# 2yrs ago today



## camel24j (Jan 12, 2007)

i had to help my 15yr old male cat Sadie over the bridge. he was an interesting cat and a big lover very well behaved and i swear he was so smart i could tell him something and he did it i miss him so much i don't have a pic on the net becuse i didn't have a dig cam till after he was gone  i will try and scan a few pics of him to post. he didn't like the dogs but was always gentle. we tried to tell him to use his claws and the dogs would learn but he would only whack them on the head with out claws it was cute. he looked at you cross eyed if you had food he was a begger lol. he didn't like change if you moved anything he would have to slowly enter the room and sniff everything but after he was fine. and as of his name poor Sadie always got called a girl becuse of it here's the story when i was young a friend of mine was moving they had a kitten and the just rescued a dog her parents told her they could only take one or the other with them on the move and we couldn't take the dog so she let us have the kitten they named him Sadie becuse he had nipples and thought that ment he was a girl lol well as soon as we got him we knew he was a boy but he already new his name so we kept it and he didn't seem to mind lol he was a guard dog at first he used to growl when any one came to the door and he played fetch but after we got are first dog he stopped growling at the door and left it to the dogs lol he had a love hate relationship to the dog. sorry this is so long. i will always love Sadie.


----------



## marie73 (Jul 12, 2006)

Sadie sounds like a wonderful cat and it's obvious how much you love him and still miss him.
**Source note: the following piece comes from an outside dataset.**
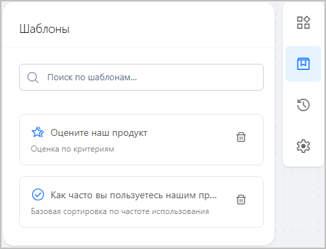 Сохранённые блоки отображаются на вкладке Шаблоны правой панели инструментов. Чтобы добавить сохранённый блок в опрос, перетащите его в основную область.

You gave him a great, long life. :angel


----------



## camel24j (Jan 12, 2007)




----------



## camel24j (Jan 12, 2007)

ok in the first pic bunny also a male cat who passed about 9yrs ago is on the left sadie is on the right and here is just a pic of sadie.


----------



## marie73 (Jul 12, 2006)

They're both beautiful - is Sadie on the right?


----------



## marie73 (Jul 12, 2006)

Oops - we posted at the same time, but I was correct! Sadie was handsome! I love him on the stove! He looks warm and comfortable.


----------



## camel24j (Jan 12, 2007)

actually it was a dryer and we feed him on there till he could no longer jump he had a limp for a yr and all the vets i took him to said there was nothing wrong it was just arthritis the vets around were i live suck they didnt even give him anything for pain but he seemed pretty happy till the end any ways. he had bad teeth to he had to have a few removed when i got him i was really young so dental health for cats i had no clue at the time and i know that being young that i made a lot of mistakes with him but he was a really good cat.


----------



## kitkat (Sep 22, 2003)

Sadie had a great life with you and I'm sure he's looking after you guys


----------